Factors that Worked in Favor of Reshoring are Promising
In order for any change in a present and established business model to be successful, it needs to be immediately profitable or present significant benefits that can be deemed as promising in the long run. The Made in USA program has been deemed as profitable and advantageous by the US International Trade Commission on account of the following reasons:
- Significantly lower lead times
- Wider flexibility in the production process
- Markedly improved quality control
Lower Shipping Costs Present a Profitable Scenario for the Domestic Business
When the entire manufacturing, assembling, packing and shipping is completed within the same country, without having to pay international duties for cross-border trading, import fees and excess shipping costs, the savings are quite substantial. For example, Golden Cutting & Sewing Supplies, aka GoldStar Tool is a Los Angeles based web retailer that ships everything from small items such as plastic grommets and washers, to bigger and heavier products like grommet machines and other press machines of every type for just 99¢ within the United States. On considering the fact that it’s not just lightweight items like plastic grommets, but the company is also domestically shipping almost every kind of machine and material required to manufacture apparel at just 99¢ as well, the expenses saved begin to make a lot of sense in favor of the Made in US initiative.
Labor Costs and Availability Still Remain the Major Obstacles
Two major factors that are still causing problems are the higher labor costs in the United States and even the unavailability of skilled laborers to work in the industry and under the initiative. Unfortunately, the initiative has not managed to produce any improvement in the industry’s employment percentage on US soil. Companies are therefore relying more on automation technology to fill in the gaps and also to save on costs associated with manufacturing within the United States. Fewer workers are required when the manual, repetitive tasks can be automated with software.

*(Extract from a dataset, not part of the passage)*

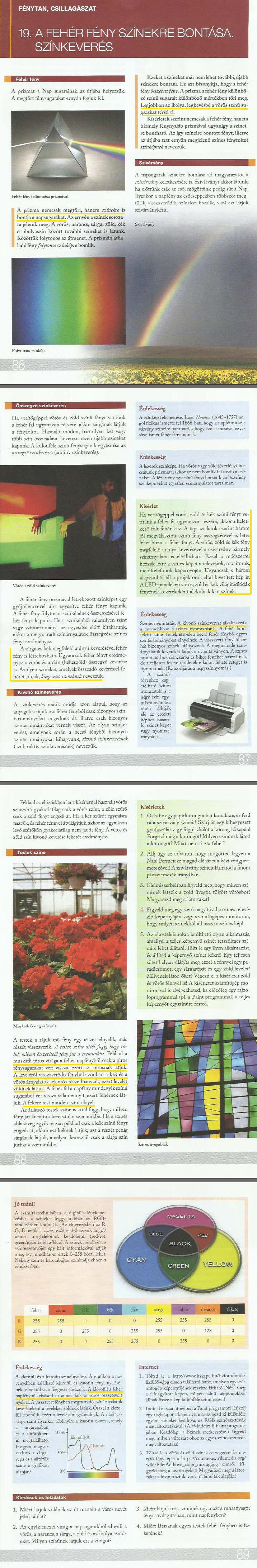 33. óra: 19. A fehér fény színekre bontása, színkeverés

As is evident from several reports, the initiative is showing both progress and promise, but the obstacles are certainly still there. Nonetheless, the leaders of the business are counting mainly on automated technology to counter those problems, as well as on domestic investments from the government and private organizations to usher the Made in US program to a stage where it will become completely sustainable on its own. While that time may still be quite a bit in the future, progress is being made, and enthusiasm from domestic investors is definitely present to hope for even better results within the next few years.